### WORK ORDER
Below is some data. Retype exactly the lines starting at the one with "Grace Wollensak, krajowa" and ending at the one with "[HIGH-QUALITY MATERIAL]Made of".

### RECORDS PROVIDED
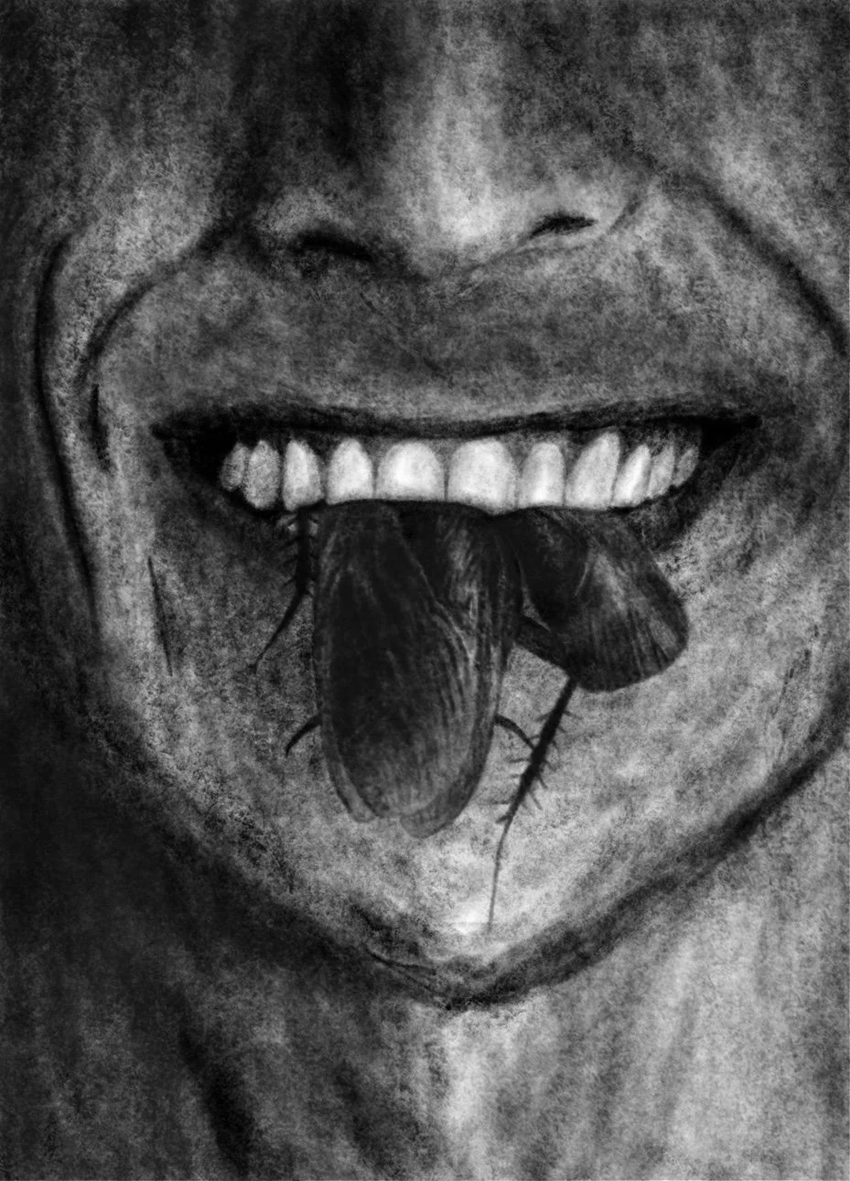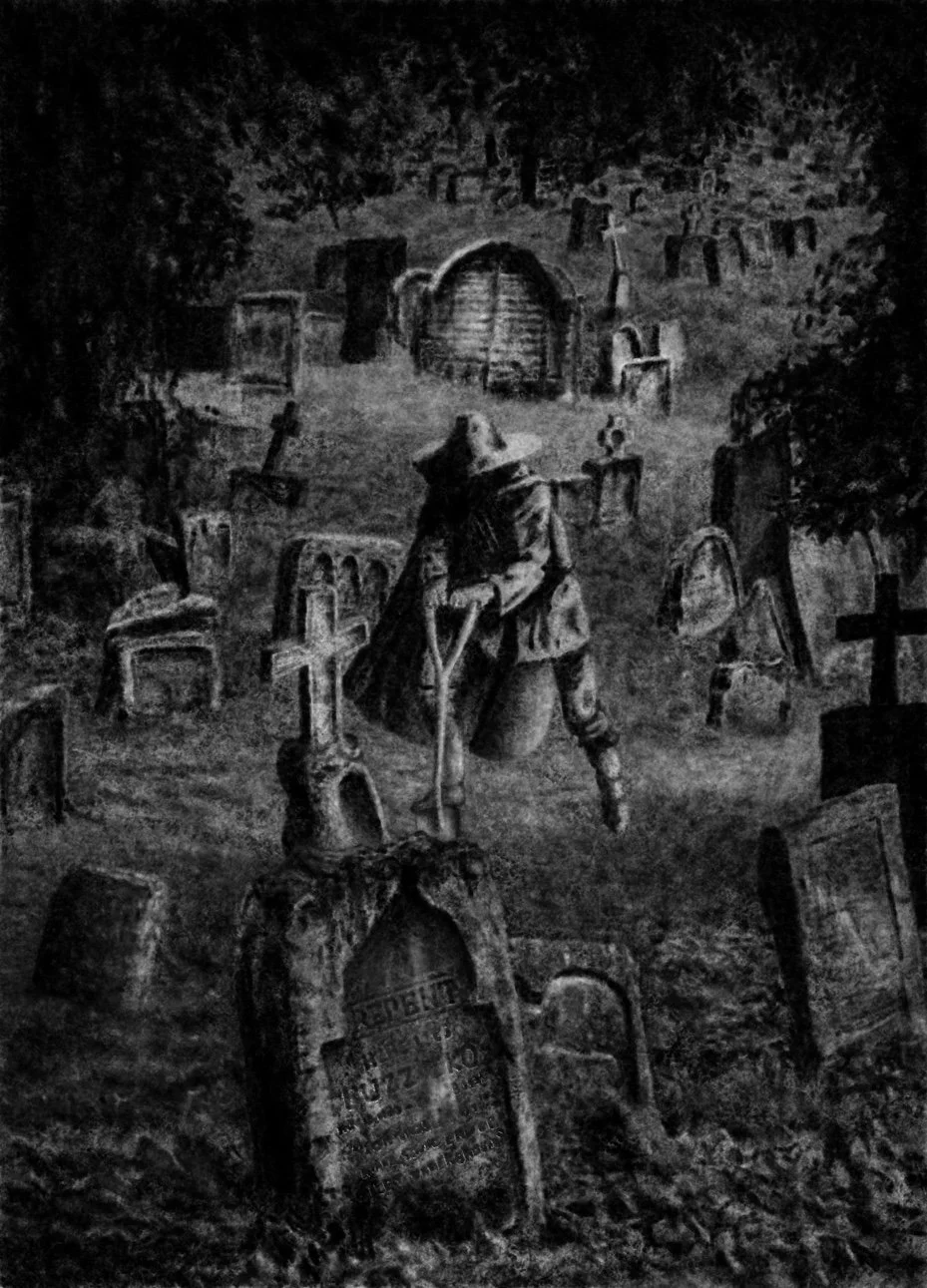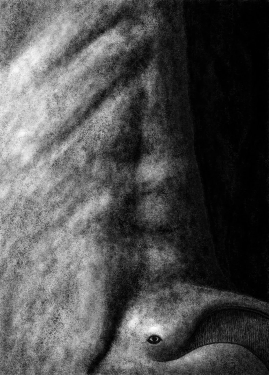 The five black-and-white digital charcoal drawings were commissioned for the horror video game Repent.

==

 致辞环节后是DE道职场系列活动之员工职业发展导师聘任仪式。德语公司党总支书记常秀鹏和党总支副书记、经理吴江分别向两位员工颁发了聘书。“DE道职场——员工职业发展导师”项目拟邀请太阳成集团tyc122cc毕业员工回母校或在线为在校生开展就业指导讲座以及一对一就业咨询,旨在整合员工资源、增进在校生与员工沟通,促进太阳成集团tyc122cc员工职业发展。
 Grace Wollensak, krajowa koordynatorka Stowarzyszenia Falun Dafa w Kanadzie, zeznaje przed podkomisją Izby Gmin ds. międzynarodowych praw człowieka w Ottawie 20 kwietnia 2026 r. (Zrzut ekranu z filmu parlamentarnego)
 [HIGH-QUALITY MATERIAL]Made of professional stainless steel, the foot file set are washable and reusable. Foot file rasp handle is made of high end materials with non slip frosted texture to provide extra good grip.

### RESPONSE AREA
 Grace Wollensak, krajowa koordynatorka Stowarzyszenia Falun Dafa w Kanadzie, zeznaje przed podkomisją Izby Gmin ds. międzynarodowych praw człowieka w Ottawie 20 kwietnia 2026 r. (Zrzut ekranu z filmu parlamentarnego)
 [HIGH-QUALITY MATERIAL]Made of professional stainless steel, the foot file set are washable and reusable. Foot file rasp handle is made of high end materials with non slip frosted texture to provide extra good grip.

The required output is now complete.